The three videos are not a trilogy as such, nor do they comprise a single narrative. Much like Just’s other works, however, the three films are closely related thematically. They are also related in terms of their common setting. Just is investigating male-roles (and in a lesser degree female roles) within the framing of mainstream Hollywood movies. The Hollywood movie has if anything given us a collective consciousness for how men and women are, how they look and how they act. But the Hollywood structure is often simplified, clichéd and stereotyped. Through Jesper Just’s images and stories of men and women Just cleverly deconstructs the hegemony of this ideology, partly creating a foundation for an alternative understanding of these relations, and partly creating a basis for new types of relation which are strange and heartbreaking.
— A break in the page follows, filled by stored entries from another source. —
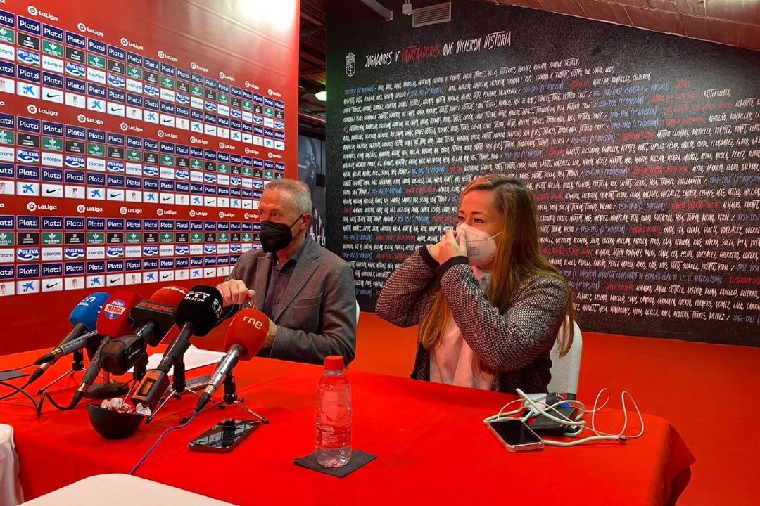 Patricia Rodríguez, directora general del Granada CF, y Pep Boada, director deportivo del conjunto nazarí, dieron este jueves una rueda informativa en la que trataron la actualidad rojiblanca.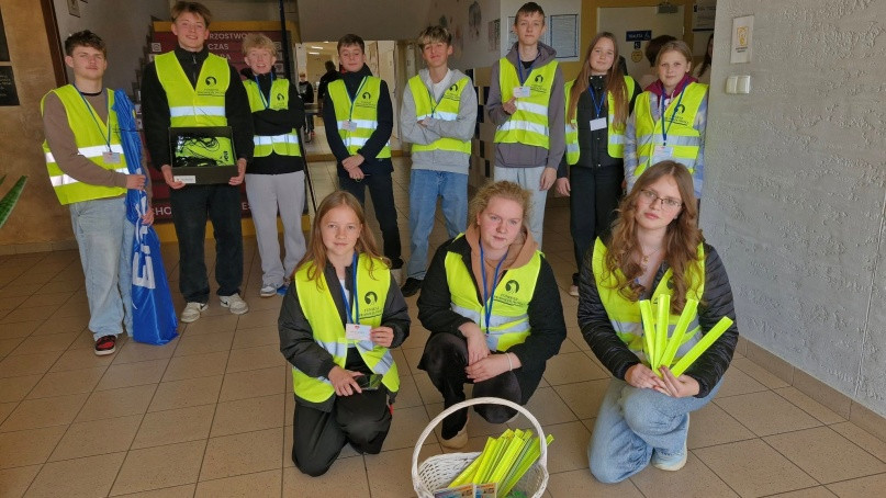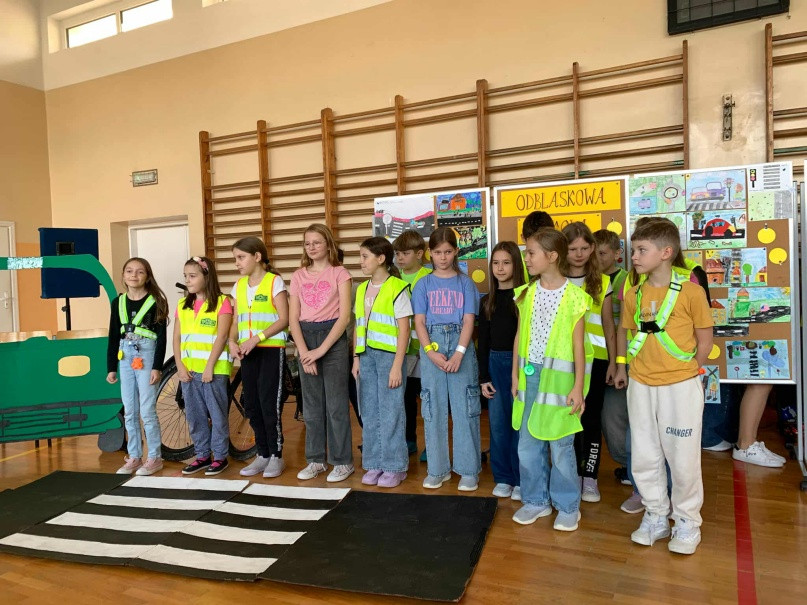 Dodatkowo uczniowie na lekcjach muzyki, razem z nauczycielem Maciejem Kosztyłą, stworzyli piosenkę, która przypomina o odblaskach i bezpieczeństwie – pokazując, że edukacja może być również artystyczna i kreatywna.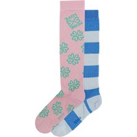 Duopak met twee paar sokken van een fijngebreide zachte katoenmix met rib aan de boord en het is elastisch aan de bovenkant. Het pak bevat een blauw paar met lichtblauwe strepen en een roze paar met een groen klaverpatroon.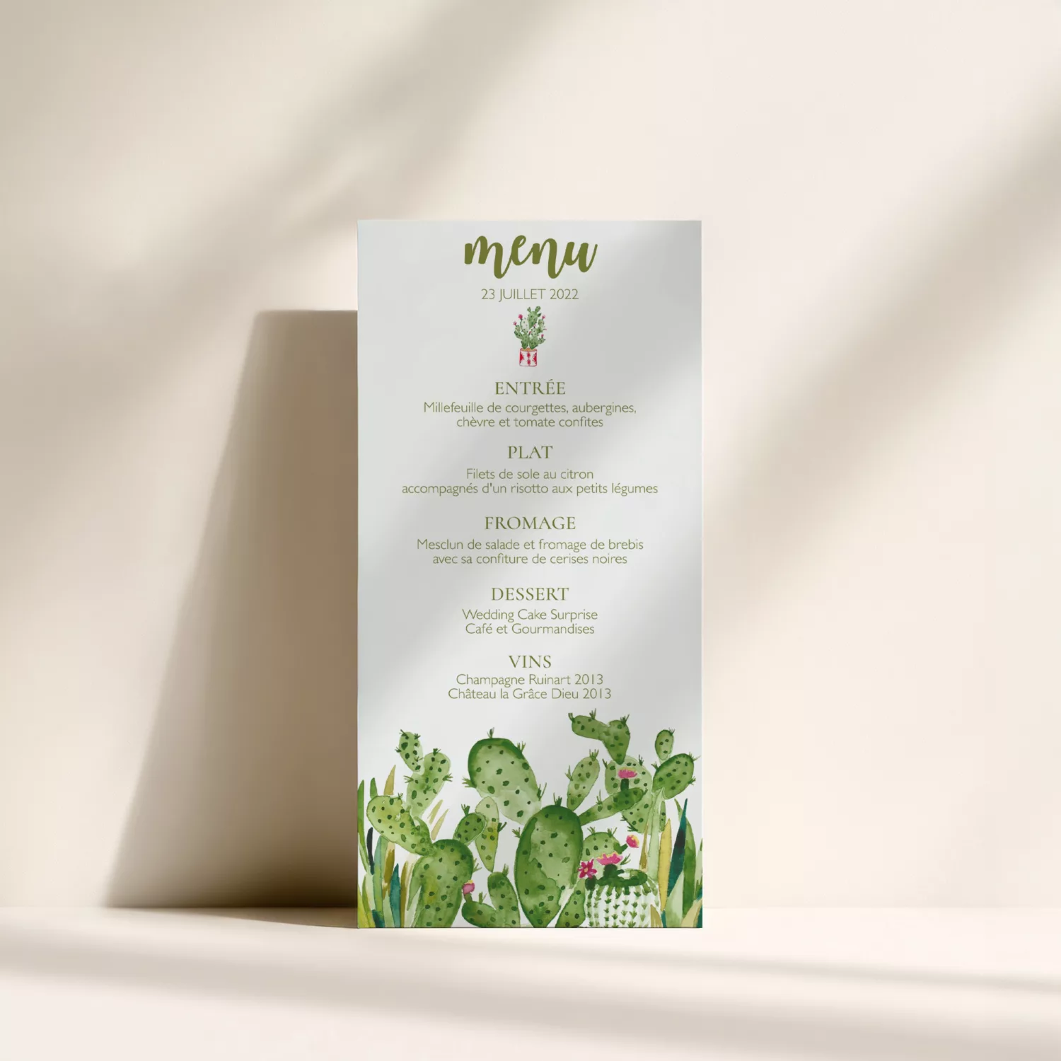 Cette papeterie se marie parfaitement avec les mariages en plein air. Elle évoque le sud, le soleil et les grands espaces. Grâce à son style naturel et bohème, elle s’accorde facilement avec une décoration en bois, en lin ou ornée de fleurs séchées. Si vous rêvez d’un mariage à l’esprit libre, Cactus Garden est faite pour vous. Ses tons lumineux et sa touche artisanale donneront le ton dès l’ouverture de votre enveloppe.

Jesper Just is strongly inspired by film. He differs in this respect from the trend in contemporary art that makes use of the video media in a bid to document reality “close up” in ‘amateur’ style, without special technological tools or aestheticising effects, often with the hidden agenda of clearly marking a categorical difference between the video and film media, contemporary art and the film industry. On the contrary, Just consciously plays on the idea of video art as a construct that can verge on the real through the invention of fictions and the picturing of other worlds.
Just has exhibited several times in and outside Denmark. I the years to come Just’s works are being showed at; Midway Contemporary Art in St. Paul, Maze Gallery in Torino, The Power Plant in Toronto, Herning Art Museum in Denmark etc. Jesper Just is furthermore represented in several museums and private collections in Europe and North America.